Problem -
Set each entry down exactly as written.

___ Task data ___

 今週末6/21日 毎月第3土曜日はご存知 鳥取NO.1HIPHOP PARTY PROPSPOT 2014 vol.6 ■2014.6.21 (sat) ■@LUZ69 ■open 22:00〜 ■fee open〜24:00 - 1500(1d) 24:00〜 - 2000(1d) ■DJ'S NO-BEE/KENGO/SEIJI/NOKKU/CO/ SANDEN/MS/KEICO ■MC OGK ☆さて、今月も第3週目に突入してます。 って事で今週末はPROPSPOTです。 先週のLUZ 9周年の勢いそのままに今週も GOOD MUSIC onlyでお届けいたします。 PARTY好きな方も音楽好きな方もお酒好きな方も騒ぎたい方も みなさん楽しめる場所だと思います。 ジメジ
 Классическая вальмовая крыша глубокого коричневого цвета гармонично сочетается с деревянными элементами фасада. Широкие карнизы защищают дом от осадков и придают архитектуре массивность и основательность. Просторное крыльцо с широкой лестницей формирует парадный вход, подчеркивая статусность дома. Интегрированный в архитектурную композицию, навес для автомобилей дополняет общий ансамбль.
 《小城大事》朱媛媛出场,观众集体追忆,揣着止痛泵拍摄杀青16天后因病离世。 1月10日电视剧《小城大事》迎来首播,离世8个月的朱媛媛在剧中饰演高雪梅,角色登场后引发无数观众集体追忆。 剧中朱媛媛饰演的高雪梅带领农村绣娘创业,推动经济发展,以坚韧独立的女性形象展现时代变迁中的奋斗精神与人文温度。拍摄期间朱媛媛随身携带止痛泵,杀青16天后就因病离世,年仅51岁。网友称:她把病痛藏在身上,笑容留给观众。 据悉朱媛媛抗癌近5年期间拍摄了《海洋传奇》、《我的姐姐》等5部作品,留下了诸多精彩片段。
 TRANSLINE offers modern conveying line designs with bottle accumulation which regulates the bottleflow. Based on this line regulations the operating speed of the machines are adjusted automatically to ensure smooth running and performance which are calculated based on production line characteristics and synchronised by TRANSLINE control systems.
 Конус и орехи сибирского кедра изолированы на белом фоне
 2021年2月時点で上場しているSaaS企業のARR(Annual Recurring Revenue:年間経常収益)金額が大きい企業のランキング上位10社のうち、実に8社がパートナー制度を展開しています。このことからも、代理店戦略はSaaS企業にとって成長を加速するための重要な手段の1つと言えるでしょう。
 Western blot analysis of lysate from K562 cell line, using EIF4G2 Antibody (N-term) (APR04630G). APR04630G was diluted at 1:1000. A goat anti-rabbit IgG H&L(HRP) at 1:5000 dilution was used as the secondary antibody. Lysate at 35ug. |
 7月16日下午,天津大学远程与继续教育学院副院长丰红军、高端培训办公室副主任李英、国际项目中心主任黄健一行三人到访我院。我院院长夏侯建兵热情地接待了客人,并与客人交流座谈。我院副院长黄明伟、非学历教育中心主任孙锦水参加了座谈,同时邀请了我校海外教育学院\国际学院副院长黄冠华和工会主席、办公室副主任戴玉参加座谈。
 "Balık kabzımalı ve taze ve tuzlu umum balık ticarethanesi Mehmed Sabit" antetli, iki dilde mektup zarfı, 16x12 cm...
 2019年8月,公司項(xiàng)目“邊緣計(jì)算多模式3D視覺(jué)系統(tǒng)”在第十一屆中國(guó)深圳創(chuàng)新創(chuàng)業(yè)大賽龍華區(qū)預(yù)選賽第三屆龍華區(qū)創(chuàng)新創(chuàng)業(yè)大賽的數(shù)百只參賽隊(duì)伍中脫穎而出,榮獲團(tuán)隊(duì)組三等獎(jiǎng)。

___

Result for this exercise -
 今週末6/21日 毎月第3土曜日はご存知 鳥取NO.1HIPHOP PARTY PROPSPOT 2014 vol.6 ■2014.6.21 (sat) ■@LUZ69 ■open 22:00〜 ■fee open〜24:00 - 1500(1d) 24:00〜 - 2000(1d) ■DJ'S NO-BEE/KENGO/SEIJI/NOKKU/CO/ SANDEN/MS/KEICO ■MC OGK ☆さて、今月も第3週目に突入してます。 って事で今週末はPROPSPOTです。 先週のLUZ 9周年の勢いそのままに今週も GOOD MUSIC onlyでお届けいたします。 PARTY好きな方も音楽好きな方もお酒好きな方も騒ぎたい方も みなさん楽しめる場所だと思います。 ジメジ
 Классическая вальмовая крыша глубокого коричневого цвета гармонично сочетается с деревянными элементами фасада. Широкие карнизы защищают дом от осадков и придают архитектуре массивность и основательность. Просторное крыльцо с широкой лестницей формирует парадный вход, подчеркивая статусность дома. Интегрированный в архитектурную композицию, навес для автомобилей дополняет общий ансамбль.
 《小城大事》朱媛媛出场,观众集体追忆,揣着止痛泵拍摄杀青16天后因病离世。 1月10日电视剧《小城大事》迎来首播,离世8个月的朱媛媛在剧中饰演高雪梅,角色登场后引发无数观众集体追忆。 剧中朱媛媛饰演的高雪梅带领农村绣娘创业,推动经济发展,以坚韧独立的女性形象展现时代变迁中的奋斗精神与人文温度。拍摄期间朱媛媛随身携带止痛泵,杀青16天后就因病离世,年仅51岁。网友称:她把病痛藏在身上,笑容留给观众。 据悉朱媛媛抗癌近5年期间拍摄了《海洋传奇》、《我的姐姐》等5部作品,留下了诸多精彩片段。
 TRANSLINE offers modern conveying line designs with bottle accumulation which regulates the bottleflow. Based on this line regulations the operating speed of the machines are adjusted automatically to ensure smooth running and performance which are calculated based on production line characteristics and synchronised by TRANSLINE control systems.
 Конус и орехи сибирского кедра изолированы на белом фоне
 2021年2月時点で上場しているSaaS企業のARR(Annual Recurring Revenue:年間経常収益)金額が大きい企業のランキング上位10社のうち、実に8社がパートナー制度を展開しています。このことからも、代理店戦略はSaaS企業にとって成長を加速するための重要な手段の1つと言えるでしょう。
 Western blot analysis of lysate from K562 cell line, using EIF4G2 Antibody (N-term) (APR04630G). APR04630G was diluted at 1:1000. A goat anti-rabbit IgG H&L(HRP) at 1:5000 dilution was used as the secondary antibody. Lysate at 35ug. |
 7月16日下午,天津大学远程与继续教育学院副院长丰红军、高端培训办公室副主任李英、国际项目中心主任黄健一行三人到访我院。我院院长夏侯建兵热情地接待了客人,并与客人交流座谈。我院副院长黄明伟、非学历教育中心主任孙锦水参加了座谈,同时邀请了我校海外教育学院\国际学院副院长黄冠华和工会主席、办公室副主任戴玉参加座谈。
 "Balık kabzımalı ve taze ve tuzlu umum balık ticarethanesi Mehmed Sabit" antetli, iki dilde mektup zarfı, 16x12 cm...
 2019年8月,公司項(xiàng)目“邊緣計(jì)算多模式3D視覺(jué)系統(tǒng)”在第十一屆中國(guó)深圳創(chuàng)新創(chuàng)業(yè)大賽龍華區(qū)預(yù)選賽第三屆龍華區(qū)創(chuàng)新創(chuàng)業(yè)大賽的數(shù)百只參賽隊(duì)伍中脫穎而出,榮獲團(tuán)隊(duì)組三等獎(jiǎng)。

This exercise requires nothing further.